Segment Start: Dataset extract

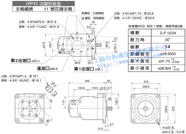 雙聯(lián)子母葉片定量泵IVP42(11號花鍵主軸)尺寸圖下載
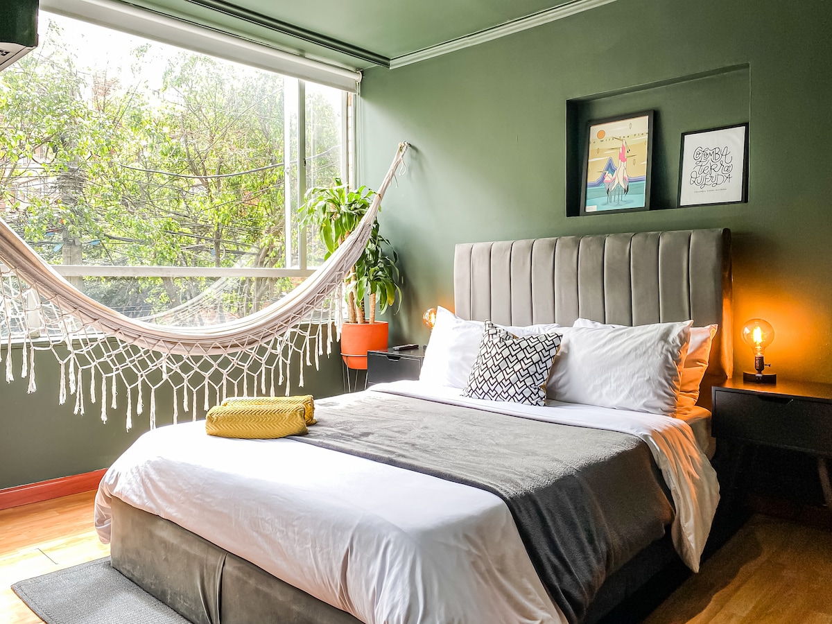 Discover this cozy botanical green studio in one of the most central, safe, and trendy areas of Chapinero—Bogotá's ultimate neighborhood for foodies and creatives. This studio features large windows, a relaxing hammock, a 32-inch TV w/ Netflix, and an efficient kitchen. Just a block away from a shared biking station, Zona G, Quinta Camacho, and Chapinero Alto. The neighborhood is 🏳️🌈 friendly
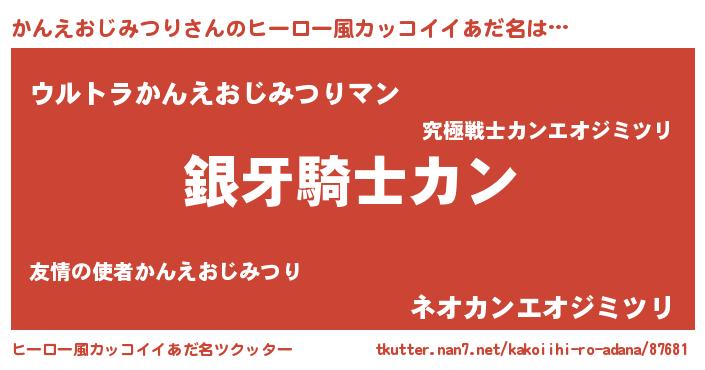 | 男性向けラノベタイトル風あだ名 | 『かんえおじみつりの嫁は女の子じゃないと思った?』 |
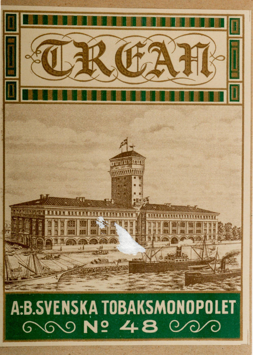 Etikett från cigarrmärket Stenbergs Trea nr 48 som producerades av AB Svenska Tobaksmonopolet.
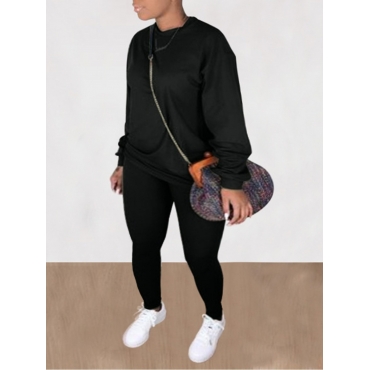 Lovely Casual O Neck Long Sleeve Black Plus Size Two-piece Pants Set(Without Bag)

Segment End: Dataset extract

- **Work item**:
Reproduce exactly and only the lines from the "Etikett från cigarrmärket" line to the last line of the records above. Do not carry over any pictures.

- **Response for this exercise**:
 Etikett från cigarrmärket Stenbergs Trea nr 48 som producerades av AB Svenska Tobaksmonopolet.
 Lovely Casual O Neck Long Sleeve Black Plus Size Two-piece Pants Set(Without Bag)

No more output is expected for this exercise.